Lexer::Lexer(std::string program) {
// preprocess string
boost::replace_all(program, "(", " ( ");
boost::replace_all(program, ")", " ) ");
boost::algorithm::trim(program);
std::vector<std::string> words;
boost::split(words, program, boost::is_space(), boost::token_compress_on);
...
}
Our tokens can be starting a list (, ending a list ), atomic, for this project this will be just numbers, or an identity. Identities (idents) are sometimes called symbols in the wider lisp world, I burrowed the name from Scheme, and basically describe non-lists which evaluate to something else, e.g. variable names. I went through the trouble of doing this since it allows us to use primitive operations as values which can be passed as values to higher order functions, like fmap. In an effort to avoid chaining if statements, I summarized these rules in an unordered_map and used .find() to get back the TokenKind. The map is defined in our header file
const std::unordered_map<std::string, TokenKind> keywords = {
{"(", TokenKind::lparn}, {")", TokenKind::rparn}, {"+", TokenKind::ident},
{"-", TokenKind::ident}, {"*", TokenKind::ident}, {"/", TokenKind::ident},
{"#t", TokenKind::atoms}, {"#f", TokenKind::atoms}};
And is used in the constructor like so
... Token curr;
for (std::string str : words) {
curr.lexeme = str;
auto match = keywords.find(curr.lexeme);
// first we match tokens for exact matches
if (match != keywords.end()) {
curr.kind = match->second;
}
// everything else has to be a non kword ident or non bool atom, for now
// we don't consider variable names
else {
curr.kind = TokenKind::atoms;
}
tokenized.push_back(curr);
}
...
The lexeme field of the Token struct is just the raw string of the token. With that, we have an iterator of Tokens which represent our program.
Parsing
Now that we have the program in tokenized form, we start parsing the program. If lexing is recognizing individual words, we can think of parsing as organizing these words into sentences and paragraphs. Our goal is to take in tokens and output an Abstract Syntax Tree (AST). In general, tree's do a good job of capturing the meaning of language-like things because they describe the flow of composition naturally, where leaves describe basic objects and the intermediate nodes are "compose children by this rule". Extending this philosopical meandering going for a little bit, strings are linear and create meaning through composition, composition is recursive, and recursive structure is a tree.I will not be contending with a Deluzian approach to compiler design today, though I guess DAGs are rhizomatic in a manner. The AST is especially apt at describing a lisp because the basic object of a lisp, the S-expression, is in itself treelike. As I mentioned earlier, in lisp "code is data and data is code and all are lists", while that's philosophically accurate, it would be more accurate to say that "all are S-expressions", abbreviated as sexp. A S-expression is either an atom, $x$, or an expression $(x . y)$ where both $x$ and $y$ are S-expressions themselves, in modern syntax we usually just drop the $.$ all together. So all together, we have Symbols which basic atoms of the language numbers, bools, keywords, we have Lists which are a collection of SExps, and we have SExps which are either a List or a Symbol. The recursive definition of SExp is one of the more satisfying aspects of the language, And also the only time I was actively glad to not be using Rust during this projectand likely the source of the taoist imagery that's often associated with lisp.

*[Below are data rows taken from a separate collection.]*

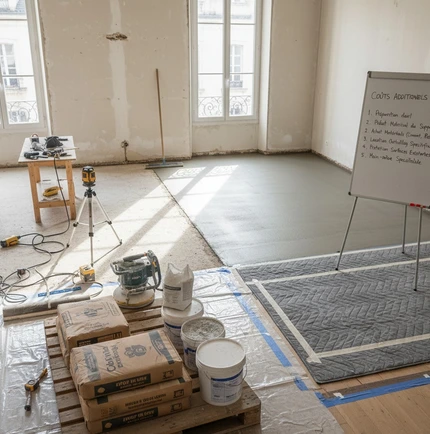 Au-delà du devis standard, il faut compter les frais pour la préparation du support, le matériel spécifique, et la protection du sol avec cire ou résine. Ces frais varient selon l’état initial de la surface et le type de finition choisi.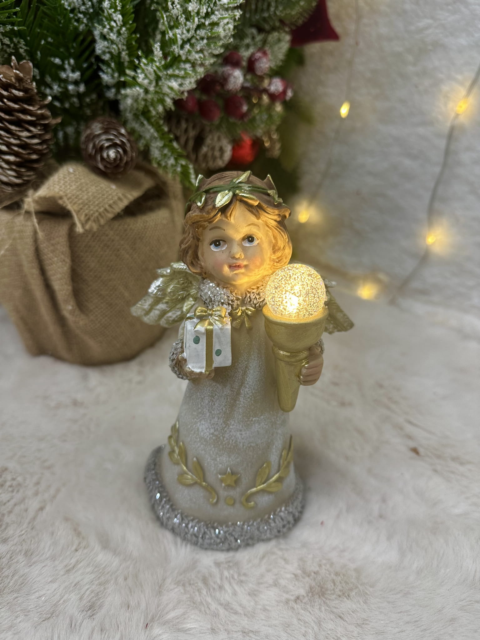 Aniołek siedzący z kulą led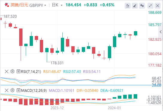 英镑/日元仍然受到以182.15水平为代表的积极因素的影响,形成了最初的支撑,除了最近提供积极势头的主要指标外,现在注意到其在184.00附近的波动。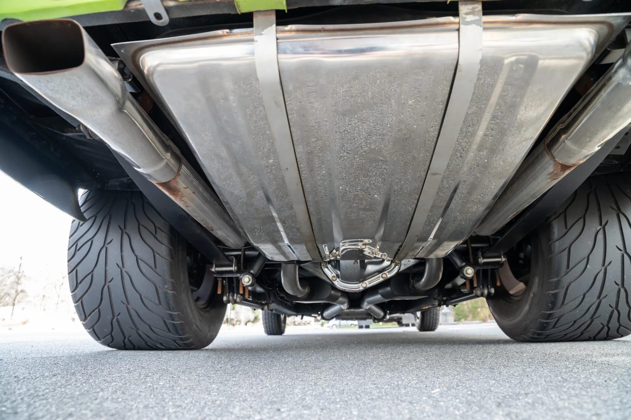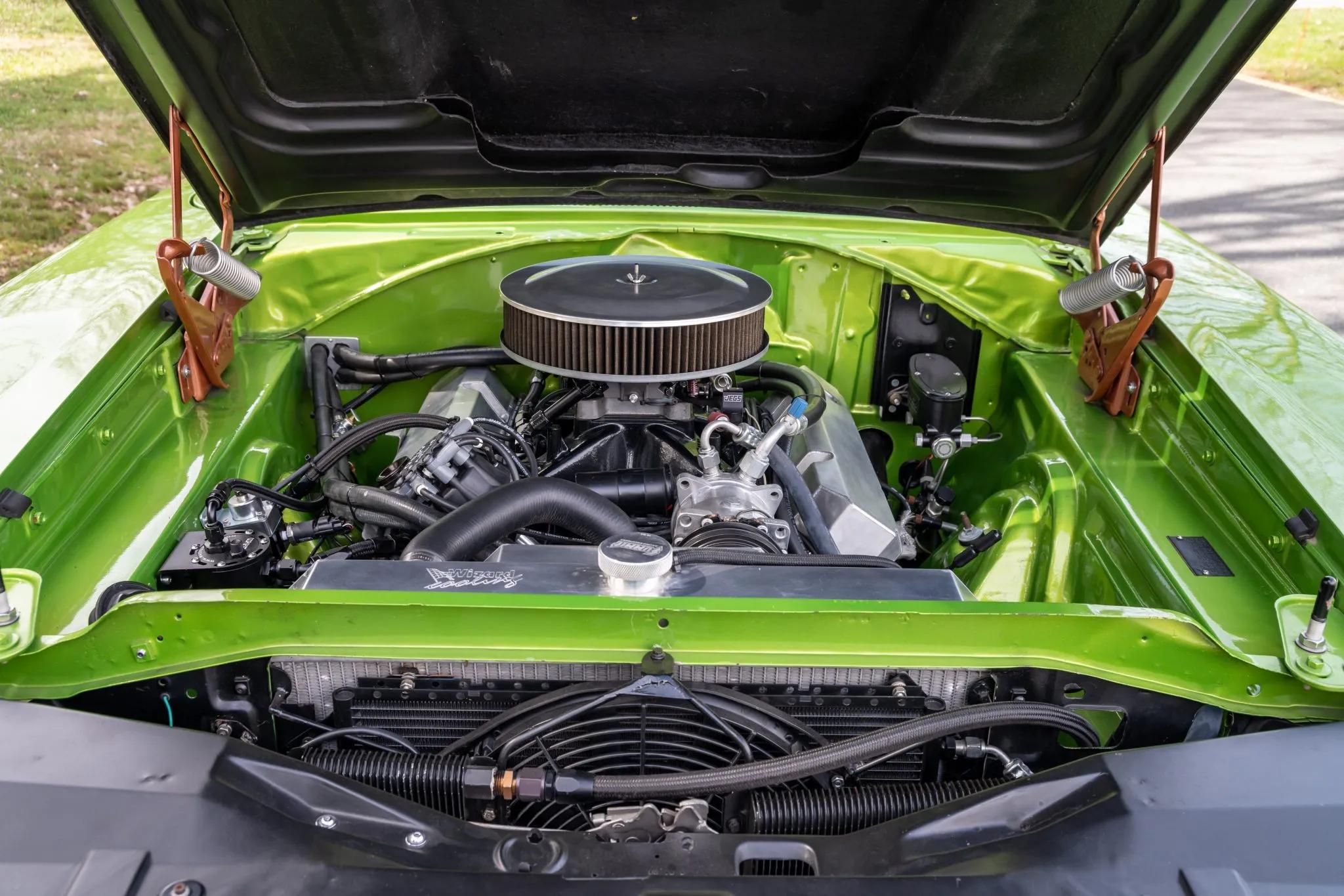 The car is finished in Dodge Viper Snakeskin Green with black R/T stripes and a black interior. Equipment includes Procar front bucket seats, a vinyl-trimmed rear bench, lap belts, Billet Specialties 15" wheels, Wilwood four-wheel disc brakes, Firm Feel front suspension components, CalTracs rear traction bars, a 3" dual exhaust system, scooped black hood, electric headlamp doors, sequential LED taillights, and tinted glass.

Let me take a quick aside to explain the syntax of lisp, it doesn't take very long. Lisp uses prefix notation also known as polish notation, where instead of a binary operation being between two operands, it is before operands. So in lisp the computation (1 + 1) is notated as (+ 1 1). This simplifies the parsing process, since we don't have to consider the precedence of an operator, computing (2 * 1 + 1) would require us to recognize that * happens before +, using prefix notation (+ 1 (* 2 1)) localizes the syntax and removes ambiguity. The other rule, and the only one we'll have to think about for a while is that ( starts a list and ) ends a list. That's about the size of it.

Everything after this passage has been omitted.